Endless Summer: Three Weeks of Beach Life in Costa Rica
I’ve now been living in Quepos for three weeks, and everyday life is slowly but surely starting to fall into place.

This text is translated using AI.
View the original article here.The days here have their own rhythm, governed by the heat, the tides, and how good the waves are. Most of my time here revolves around the ocean, and beach life has become a natural part of everyday living, in what feels like an endless summer.
I’ve spent a lot of time on the beach in Manuel Antonio, just twenty minutes from Quepos by bus. The sand is soft, and the water is warm and inviting.
It’s a place where you can stay for many hours, whether you’re swimming, reading a good book, playing Uno, or just watching the waves and letting your thoughts drift.

We’ve come out here on weekends, sometimes after school to watch the beautiful sunset, or in the mornings to go surfing.
It’s a good beach for beginners, because the waves are generally not too big, and there are many people offering surf lessons or board rentals along the beach.
In addition to surfing, I’ve also gone hiking in the national park in Manuel Antonio and been on a kayaking trip in the mangroves.
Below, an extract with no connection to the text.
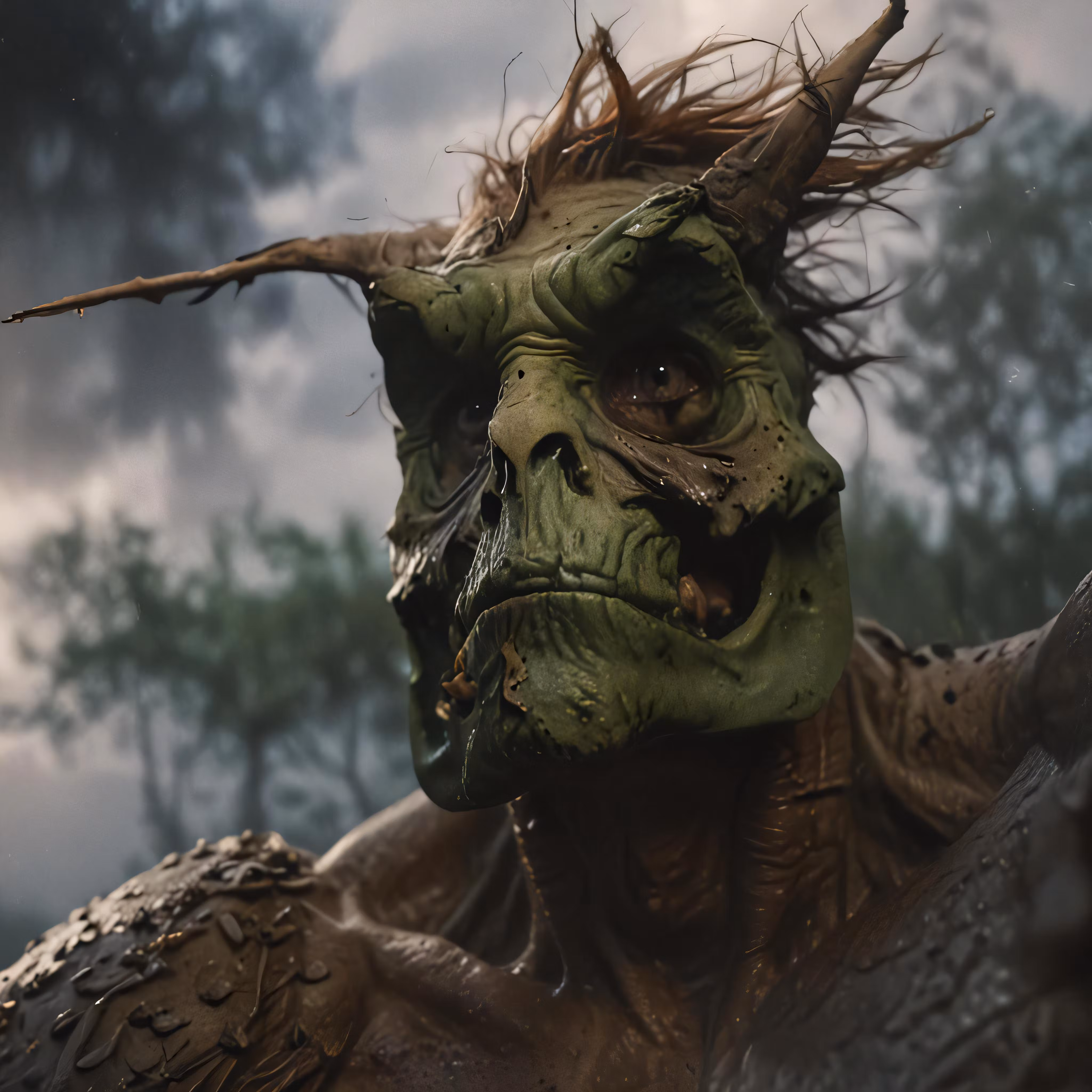 High resolution picture, free to use, a green monster is standing alone on a cloudy day

This has reminded me how many different landscapes there are in a relatively small area, even though I spend a lot of time at the beach.
What strikes me most about Manuel Antonio is how the jungle sits right next to the beach.
Green plants meet the sea in a completely unique way: monkeys climbing along the telephone wires, parrots flying among the treetops, while people move between sand and waves.

It’s an incredibly beautiful place that’s easy to romanticize, but at the same time it becomes clear that this is an ecosystem, a habitat, and an economic resource, all at once.
In contrast to this, I’ve spent quite a bit of time at Nahomi, the rocky beach in Quepos, which is just a fifteen-minute walk from where we live. The atmosphere here is different, more everyday and with fewer people. It feels more local than tailored for visitors, and there aren’t many tourists here.
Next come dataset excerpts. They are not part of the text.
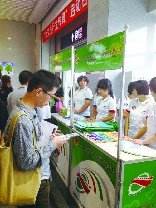 9月16日一早,北京市民小周在四惠公交枢纽发现,枢纽大厅和平时有些不一样。不少人围在换乘长廊的通道口,饶有兴趣地翻看公交优先出行宣传资料,志愿者们为路过的乘客认真解答绿色出行的相关问题(见图)……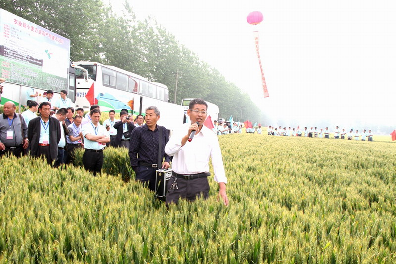 518,黄淮地区各省市县农业科研院校的小麦专家、农业部门负责人、种子经销商、种植大户等360余人云集安徽农垦龙亢农场,现场观摩小麦良种生产。副场长王永玖向各地来宾介绍了农场小麦新品种特性和高产栽培技术模式。(李峰)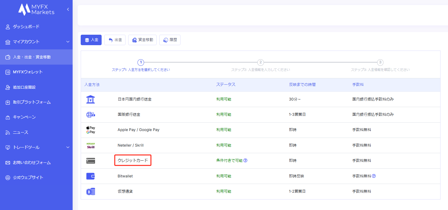 ログイン後、左側のメニューから「入金・出金・資金移動」を選択してください。 その後、入金方法の一覧から「クレジットカード」を選択してください。

In global environmental studies we talk a lot about ecotourism. The national park in Manuel Antonio is a clear example of ecotourism in practice.
The goal is to protect biological diversity while at the same time ensuring that the area generates income for the local community.
The beaches inside the national park were incredibly beautiful, and with far fewer people because of the limited number of tickets sold each day. The sand was even softer, and the jungle was really lush.

We saw so many animals, both sloths and various insects, and especially lots of monkeys. We even saw the most poisonous snake in Costa Rica, which was really cool. But just outside the park boundaries, there is a different reality.
Ecotourism can contribute to increased pressure on areas that are actually supposed to be protected, and the area is full of hotels, holiday homes, and restaurants. Going from a quiet trail in the national park to seeing a large luxury hotel right outside made the contrast very striking.
Another thought-provoking experience was the class trip to Jacó and Playa Hermosa, which is recognized as a World Surf Reserve. Here, the town’s identity is strongly tied to the ocean and beach life.

Surf culture is both local and global, and surfers from all over the world gather here. But Playa Hermosa also illustrates the relationship between development and nature conservation, something we discuss a lot in the program. Right by the beach, many houses and hotels have been built where there used to be wetlands.
They have created a canal to drain the land, which has led to animals disappearing and is damaging the ecosystem.
We also met an architect who works for the municipality in Jacó, and he told us about how they are working to reclaim the maritime zone. He said that Jacó is perhaps the most affected beach ecosystem in the country.

Houses that have been built too far down on the beach with fences that stop the waves. By destroying the turtles’ natural habitat, it prevents them from returning to the beach to lay their eggs.
This made an impression on me. Beach life in Costa Rica is more complex than it appears at first glance. It’s not just about sunsets and tide tables; it’s about living with nature and not against it.

After three weeks, I’m starting to understand that “eternal summer” isn’t just a romantic dream. It’s also an image of a different way of relating to nature, time, and community.
For me, life at the beach has become a reminder that sustainability is not just a political goal, but a daily practice. Nature and society are not opposites, but parts of the same summer.